Sementara mereka sibuk, kita dengan segala ke-naif-an yang ada hanya bisa melakukan dua hal.
YAKNI, BERHARAP dan PROTES.

Berharap apabila saat kita dalam keadaan susah, mereka akan menolong. Namun begitu dihadapkan kenyataan bahwa mereka terlalu sibuk untuk menolong, kita melayangkan protes keras.

Instead of expecting and protesting something you won't get, why don't you make it? 

Sederhananya begini,
ada dua situasi yang pasti sering kalian hadapi.

Case 1 :
Kalian diberi sebuah situasi dimana di depan kalian ada sebuah kecelakaan.

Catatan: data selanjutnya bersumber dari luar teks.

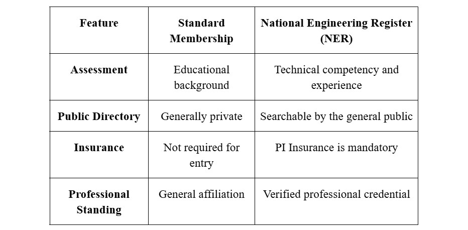 It is a common misconception that being a member of an engineering body is the same as being registered. Membership signifies affiliation, whereas the NER signifies a vetted level of professional competence.
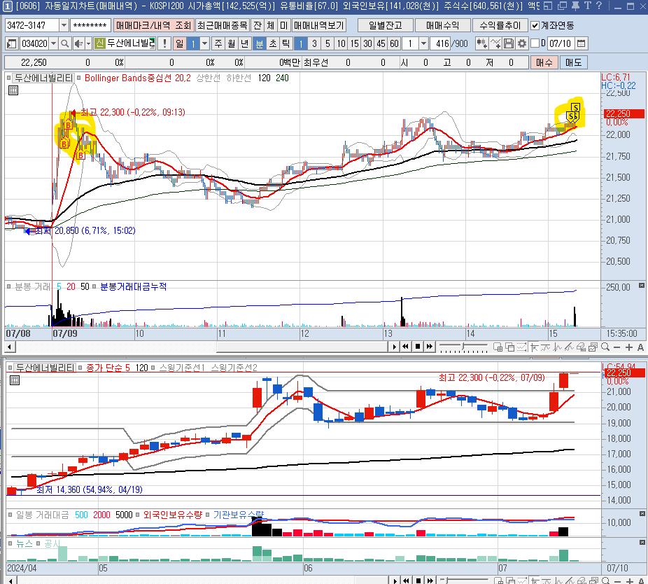 수급 : 신한에서 계속 매도를 하면서 매도를 고민하였지만, 오후장에는 바뀔거라고 생각하고, 기다렸다.

Dan kalian automaticaly berharap bahwa : "Ah nanti pasti ada yang nolong", atau "Ah gimana ini? bukan gue kok yang salah?" atau mungkin : "Bodo amat, toh bukan gue ini."

Case 2
Saat kalian diberi situasi dimana kalian lah yang mengalami kecelakaan, kalian automaticaly akan protes bahwa : "Ah kok nggak ada yang nolongin gue?" atau "Dasar pemerintah nggak ada kerjanya sama sekali." atau mungkin : "Ya Tuhan gue salah apa kenapa begini?"

C'mon.

The Avengers sibuk. 
Parahnya;
They don't exist.

Daripada kita terus terjebak dalam paradoks sebab akibat itu, i offer you something good. 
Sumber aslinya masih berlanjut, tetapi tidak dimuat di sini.